EXERCISE DESCRIPTION ->
Using the records that follow, tally the lines containing the word "giovane" and state only the count.

PROVIDED INFORMATION ->

==*==

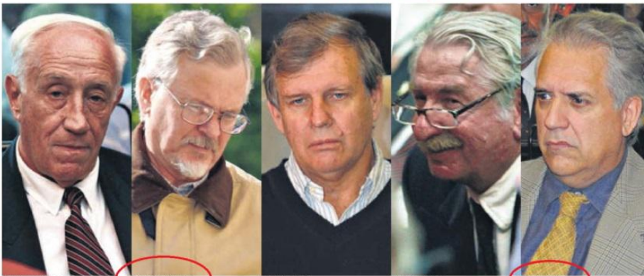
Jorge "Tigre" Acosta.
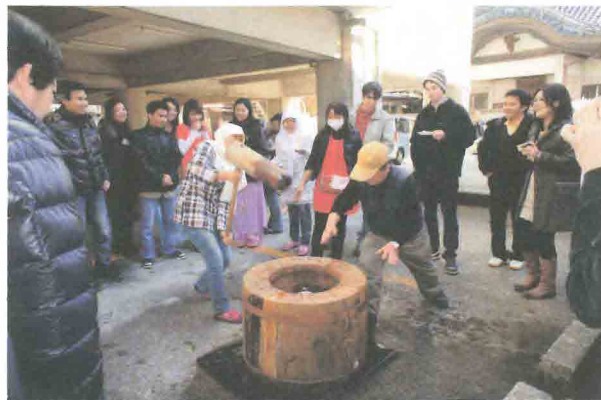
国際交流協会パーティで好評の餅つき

==*==

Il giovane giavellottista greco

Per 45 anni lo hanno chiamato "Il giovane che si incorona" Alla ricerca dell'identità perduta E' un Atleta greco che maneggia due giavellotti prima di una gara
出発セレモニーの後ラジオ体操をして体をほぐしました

==*==

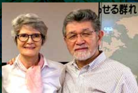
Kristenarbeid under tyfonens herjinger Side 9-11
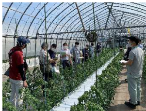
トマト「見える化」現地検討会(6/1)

==*==

ANSWER BELOW ->
2